Les entreprises de taille modeste sont significativement plus nombreuses à ouvrir leur capital, ce qui leur offre un développement plus rapide rapporte l’association. Le financement bancaire et l’autofinancement restent les sources de financement privilégiées par les entreprises. Cependant, les entreprises de taille moins importante ont rappelé l’importance qu’elles accordaient au financement public (CIR, aides publiques, avances remboursables…), tandis que les ETI- GE sont relativement plus nombreuses à privilégier des financements alternatifs (financement de marché notamment).

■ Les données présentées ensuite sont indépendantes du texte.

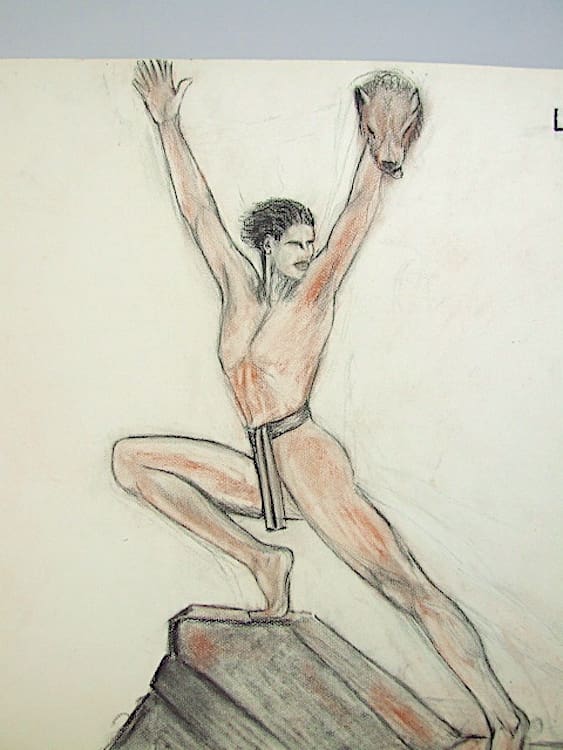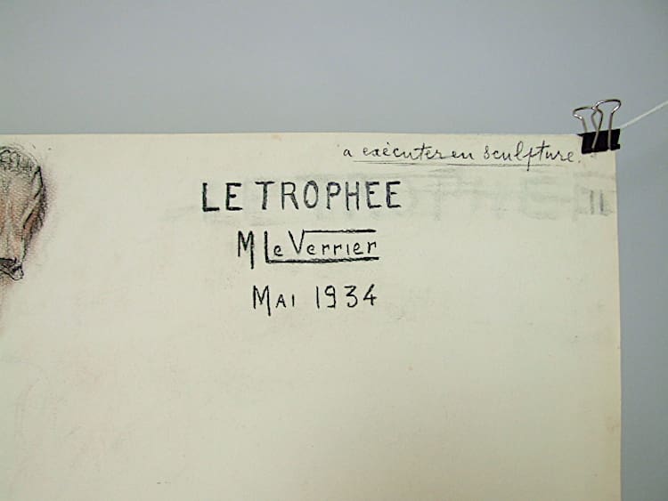 Le Trophee – an original pastel and charcoal drawing by Max LeVerrier. A subject design for a statue that he never produced. This is such a rare find, the Le Verrier family are famous for the production of art deco statues. It has come from the archives of the Le Verrier atelier and family. Signed to the top corner and titled Le Trophee and dated May 1934.

Des difficultés au financement pour des activités liées à l’innovation

Concernant leur stratégie d’investissement, les entreprises alimentaires apparaissent globalement tournées vers l’innovation, avec toutefois des disparités par taille d’entreprises, les ETI-GE privilégient en effet davantage des investissements de modernisation. Enfin, parmi les freins à la croissance identifiés, les TPE-PME sont plus nombreuses à signaler des difficultés de financement, notamment pour des activités liées à l’innovation. Cependant, pour cette catégorie d’entreprise, les difficultés de recrutement apparaissent de loin comme le 1er facteur handicapant leur croissance. Pour les ETI-GE, la difficulté à s’adapter à des marchés extérieurs exigeants en termes de coûts, mais également les relations commerciales tendues (liens avec la GMS) sont le plus fréquemment citées comme facteur pénalisant leur activité.
Si, d’un point de vue quantitatif, le financement n’apparaît pas comme un frein majeur à la bonne tenue de l’activité des entreprises alimentaires, il joue un rôle fondamental dans la croissance de ces dernières, notamment d’un point de vue qualitatif (orientation des investissements, du business model, sélectivité des projets).
Le financement des IAA apparaît multiforme et varié, tout comme les besoins des entreprises : Les TPE/PME répondantes s’expriment davantage sur des problématiques liées au marché domestique : recrutement, attention importante apportée sur les dispositifs publics de financement, qui doivent être rendus plus simples d’accès pour les entreprises, notamment pour des activités d’innovation. Les ETI/GE répondantes s’expriment davantage sur des problématiques liées à la concurrence sur les marchés extérieurs, notamment sur des facteurs de coût. La diversité des outils de financements en France permet d’apporter des éléments de réponse à ces différents besoins, à la condition qu’ils soient bel et bien identifiés par les entreprises.